### DIRECTIONS FOR THIS TASK:
Copy the lines below word for word, skipping any image.

═══ DATA BLOCK

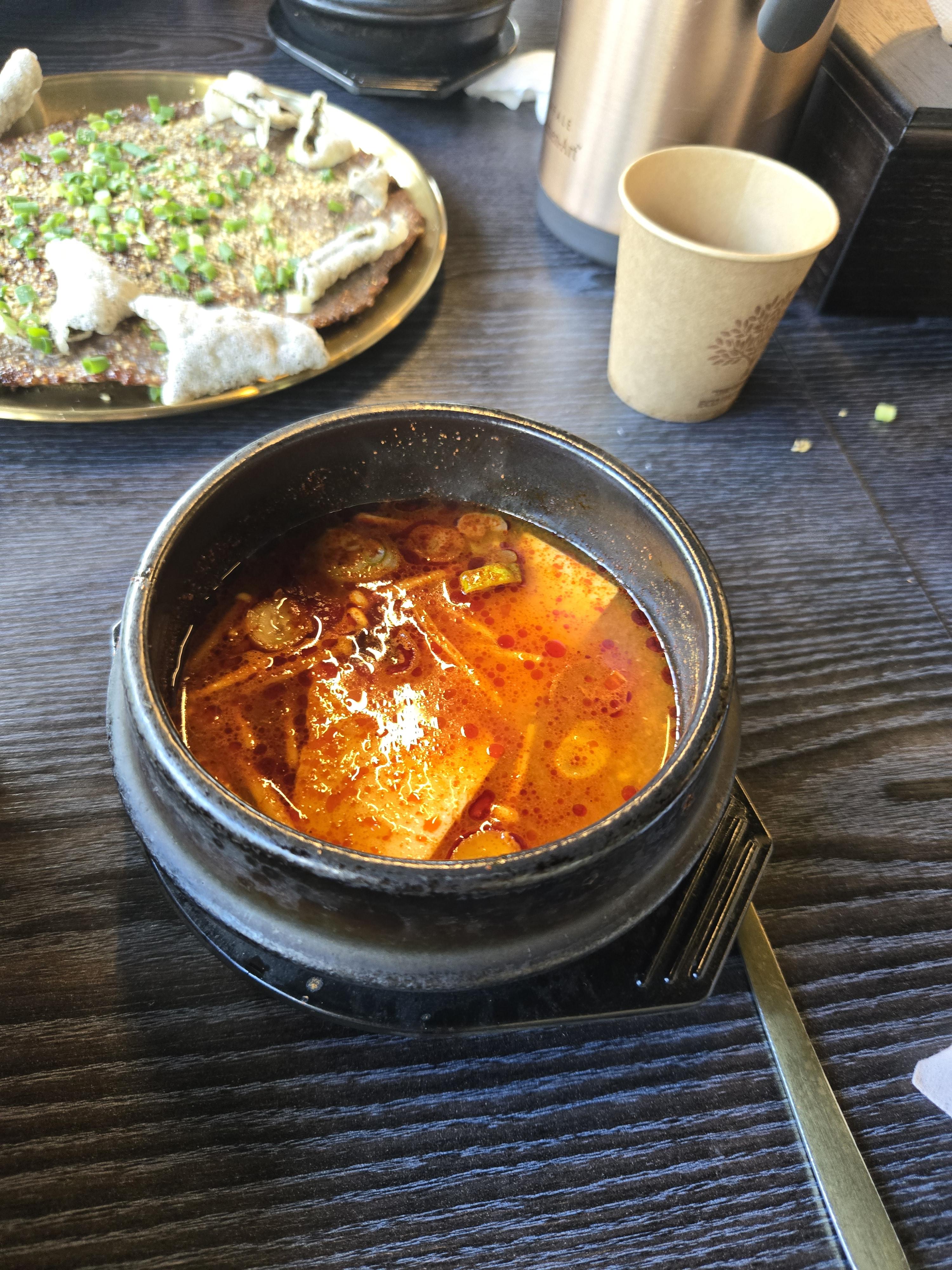 솥밥을 주문하면 청국장 또는 순두부 찌개중 선택하는데 대부분의 손님들이 순두부를 먹길래 우리도 순두부를 주문했다.
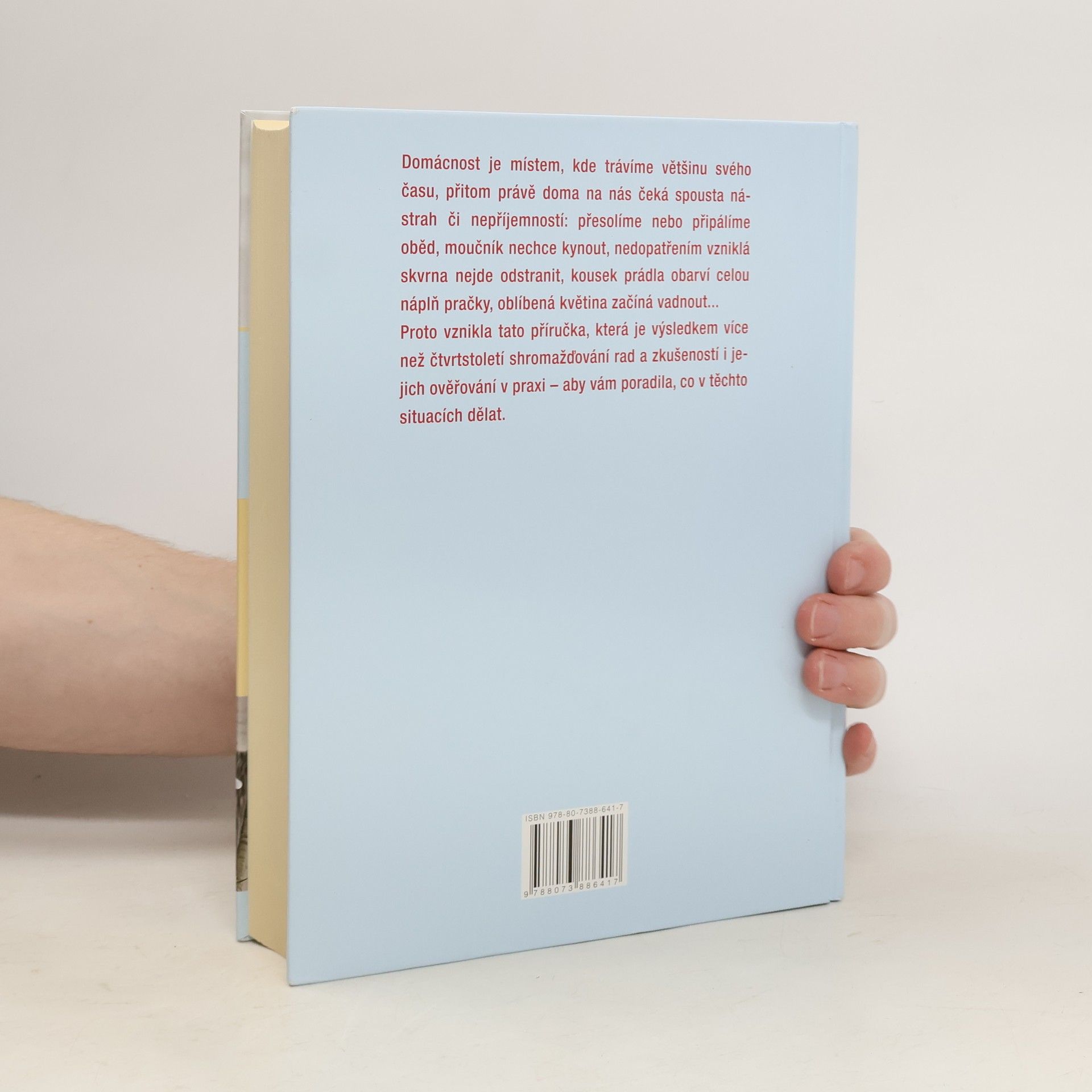 Domácnost je místem, kde trávíme většinu svého času, přitom právě doma na nás čeká spousta nástrah či nepříjemností: přesolíme nebo připálíme oběd, moučník nechce kynout, nedopatřením vzniklá skvrna nejde odstranit, kousek prádla obarví celou náplň pračky, oblíbená květina začíná vadnout... Proto vznikla tato příručka, která je výsledkem více než čtvrtstoletí dlouhého shromažďování rad a zkušeností i jejich ověřování v praxi – aby vám poradila, co v těchto situacích dělat.
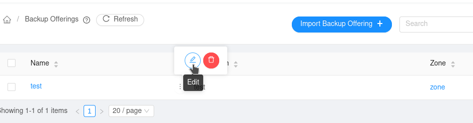 ### Description This PR allows users to edit a name and description of a Backup Offering ### Types of changes - [ ] Breaking change (fix or feature that would cause existing functionality to change) - [ ] New feature (non-breaking change which adds functionality) - [ ] Bug fix (non-breaking change which fixes an issue) - [x] Enhancement (improves an existing feature and functionality) - [ ] Cleanup (Code refactoring and cleanup, that may add test cases) ### Feature/Enhancement Scale or Bug Severity #### Feature/Enhancement Scale - [ ] Major - [x] Minor ### Screenshots (if appropriate):      ### How Has This Been Tested? I tested in a local lab. 1. I imported a Backup Offering; 2. I edited the name of this offering; 3. I edited the description of this offering. 4. I checked, in UI and DB if changes are applied. -- This is an automated message from the Apache Git Service. To respond to the message, please log on to GitHub and use the URL above to go to the specific comment. To unsubscribe, e-mail: [email protected] For queries about this service, please contact Infrastructure at: [email protected]

══════

### ANSWER BELOW:
 솥밥을 주문하면 청국장 또는 순두부 찌개중 선택하는데 대부분의 손님들이 순두부를 먹길래 우리도 순두부를 주문했다.
 Domácnost je místem, kde trávíme většinu svého času, přitom právě doma na nás čeká spousta nástrah či nepříjemností: přesolíme nebo připálíme oběd, moučník nechce kynout, nedopatřením vzniklá skvrna nejde odstranit, kousek prádla obarví celou náplň pračky, oblíbená květina začíná vadnout... Proto vznikla tato příručka, která je výsledkem více než čtvrtstoletí dlouhého shromažďování rad a zkušeností i jejich ověřování v praxi – aby vám poradila, co v těchto situacích dělat.
 ### Description This PR allows users to edit a name and description of a Backup Offering ### Types of changes - [ ] Breaking change (fix or feature that would cause existing functionality to change) - [ ] New feature (non-breaking change which adds functionality) - [ ] Bug fix (non-breaking change which fixes an issue) - [x] Enhancement (improves an existing feature and functionality) - [ ] Cleanup (Code refactoring and cleanup, that may add test cases) ### Feature/Enhancement Scale or Bug Severity #### Feature/Enhancement Scale - [ ] Major - [x] Minor ### Screenshots (if appropriate):      ### How Has This Been Tested? I tested in a local lab. 1. I imported a Backup Offering; 2. I edited the name of this offering; 3. I edited the description of this offering. 4. I checked, in UI and DB if changes are applied. -- This is an automated message from the Apache Git Service. To respond to the message, please log on to GitHub and use the URL above to go to the specific comment. To unsubscribe, e-mail: [email protected] For queries about this service, please contact Infrastructure at: [email protected]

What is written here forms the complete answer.